Lancy: Freelancing Job Board

Lancy: Freelancing Job Board

Objective

Objective

This project was to design Lancy, a freelance job aggregator. The platform collects gigs from the major freelance job boards into one central feed and then filters out low-quality work for the user. Then, with advanced filtering capabilities, users can easily find exactly what they’re looking for.

ROLE

UX Designer

TEAM

1 developer,
1 product manager

TIMELINE

6 weeks

TOOLS

Figma, Userbrain

WIREFRAMES & TESTING

Filter Layout & Structure

The first core task I focused on was how filtering the job feed would function—an essential part of the Lancy experience, given its core value proposition of helping users quickly surface relevant gigs.


After analyzing filtering patterns in other job board platforms and wireframing multiple layouts, I narrowed the test down to four variants: (1) a single scrollable row of filters, (2) two stacked rows of filters, (3) a filtering sidebar sorted into groups, and (4) a sidebar with ungrouped filters.

Test 1: Filter Structure

Variant 4– the ungrouped filtering sidebar –performed best across the board, with a 28% faster task completion and a qualitative ease rating of 9.5/10, +.75 higher than average.

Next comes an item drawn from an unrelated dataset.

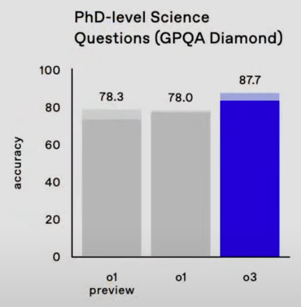 o1模型可以做到78分左右,o3直接把分数拉到87.7,远超人类选手的程度。
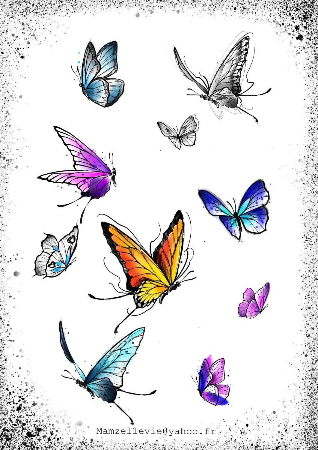 A4 chat noir papillon

Feedback on the other designs was more mixed. The horizontal scroll layout earned an average ease rating of 9.0, but users completed tasks 25% slower than their personal average. The filters in two stacked rows was 6.5% faster than average but received the lowest qualitative ratings overall.

Test:

Unmoderated, 4 participants

Opt 1:

Single, Scrollable Row of Filters

Opt 2:

Two Rows of Filters

Opt 3:

Grouped Filtering Sidebar

Opt 4:

Ungrouped Filtering Sidebar

Follow-Up Test: Were there consequences to showing all the available filters at once?

Even though the ungrouped filtering sidebar performed the best, I ran another test before making the official design call. I wondered: was showing the filters all at once too much information for the user to take in? Even if it was a faster filtering experience, would it have a negative effect on other platform tasks?

I did a quick follow-up test to check for signs of cognitive overload.

Test 2: Checking for Cognitive Overload

In this test, participants were asked to locate specific jobs in the feed, using interfaces with the previously tested filter designs. Task completion times remained consistent across all variants—assuaging my concern that showing all filters at once may detract from the user's ability to quickly scan the job feed.

Test:

Unmoderated, 4 participants

I moved forward with the ungrouped filter sidebar officially.

Opt 4:

Ungrouped Filtering Sidebar

Opt 1: Placement at top of sidebar

Opt 2: Placement above job feed

The Quality Jobs Only Filter

Because the “High-Quality Jobs” filter is tied to Lancy’s pro subscription, its placement and discoverability were critical. Because of its importance, I tested this feature separately from the broader filter structure.


Two variants were tested:

  • A toggle within the filter sidebar

  • A toggle at the top of the job feed

Test 3: Toggle Placement

Results were decisive: 4 out of 4 participants immediately moved their cursor to the filter sidebar when asked to show only high-quality jobs in the feed. The toggle placement at the top of the filtering sidebar thus unsurprisingly led to 50% faster task completion.

Test:

Unmoderated, 4 participants

I moved forward with the placement at the top of the filtering sidebar.

Final Designs

Search & Filter

Filters in Use

Search Functionality

Quality Jobs Filter

Quality Jobs Filter On

Filter Off

Saved Posts

Saved Job Posts

Reflection

Lessons Learned

Talking directly to our target audience was invaluable. Our early user interviews revealed unexpected pain points and helped us uncover critical nuances we would’ve otherwise missed. Initially, we assumed users wanted more job posts, but through conversation, we learned it wasn’t about quantity: it was about relevance. Freelancers weren’t overwhelmed by too few options; they were overwhelmed by too many irrelevant ones. This insight fundamentally reshaped our approach, shifting the product’s focus from volume to intelligent filtering. If we hadn’t engaged users early on, we would’ve invested in solving the wrong problem.